**Problem statement:** Using the data below, copy every line that contains the word "Moselkern".

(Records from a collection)
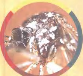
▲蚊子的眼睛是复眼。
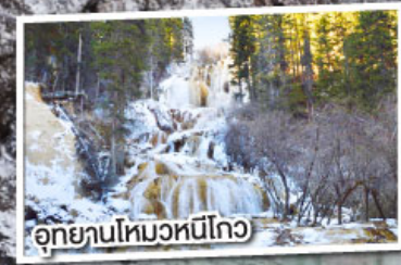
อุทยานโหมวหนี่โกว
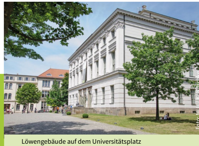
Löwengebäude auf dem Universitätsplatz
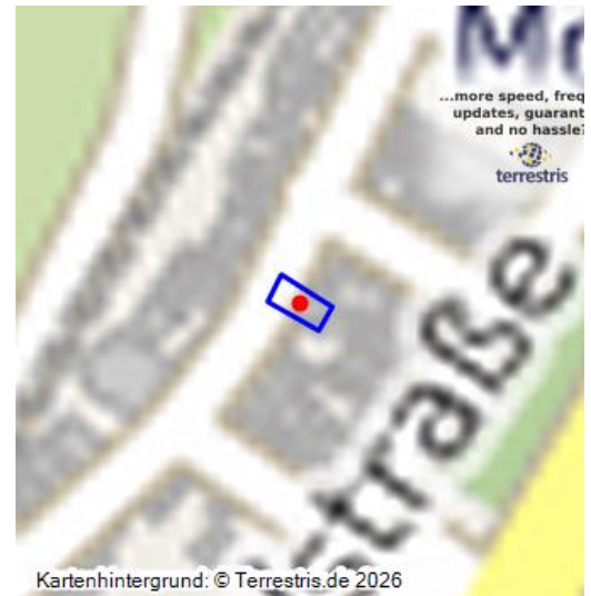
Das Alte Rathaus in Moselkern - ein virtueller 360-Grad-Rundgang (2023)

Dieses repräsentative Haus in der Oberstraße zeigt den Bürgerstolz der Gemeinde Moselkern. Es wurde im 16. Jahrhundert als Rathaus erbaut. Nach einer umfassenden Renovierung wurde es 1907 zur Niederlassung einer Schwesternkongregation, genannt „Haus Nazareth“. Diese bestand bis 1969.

--

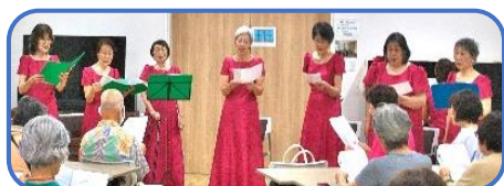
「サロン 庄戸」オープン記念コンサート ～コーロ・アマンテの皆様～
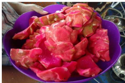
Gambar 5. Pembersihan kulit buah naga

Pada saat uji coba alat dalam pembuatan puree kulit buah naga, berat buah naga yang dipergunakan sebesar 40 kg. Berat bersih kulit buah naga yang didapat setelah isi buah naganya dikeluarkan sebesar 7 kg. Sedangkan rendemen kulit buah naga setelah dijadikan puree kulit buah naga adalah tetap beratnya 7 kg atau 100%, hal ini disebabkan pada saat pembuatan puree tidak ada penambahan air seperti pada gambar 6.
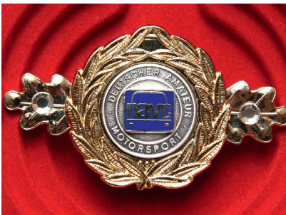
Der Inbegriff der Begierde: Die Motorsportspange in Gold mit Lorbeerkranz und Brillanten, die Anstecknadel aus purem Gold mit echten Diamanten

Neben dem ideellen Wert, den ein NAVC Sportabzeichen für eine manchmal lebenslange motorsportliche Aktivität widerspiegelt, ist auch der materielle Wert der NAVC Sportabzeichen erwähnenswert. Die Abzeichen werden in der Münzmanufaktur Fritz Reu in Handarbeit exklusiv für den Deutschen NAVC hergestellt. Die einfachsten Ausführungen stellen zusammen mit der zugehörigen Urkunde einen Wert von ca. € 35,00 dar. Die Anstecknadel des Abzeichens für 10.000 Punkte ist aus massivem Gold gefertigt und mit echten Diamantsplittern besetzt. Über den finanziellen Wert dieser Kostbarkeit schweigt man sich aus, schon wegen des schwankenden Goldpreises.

**Response below:**
Das Alte Rathaus in Moselkern - ein virtueller 360-Grad-Rundgang (2023)
Dieses repräsentative Haus in der Oberstraße zeigt den Bürgerstolz der Gemeinde Moselkern. Es wurde im 16. Jahrhundert als Rathaus erbaut. Nach einer umfassenden Renovierung wurde es 1907 zur Niederlassung einer Schwesternkongregation, genannt „Haus Nazareth“. Diese bestand bis 1969.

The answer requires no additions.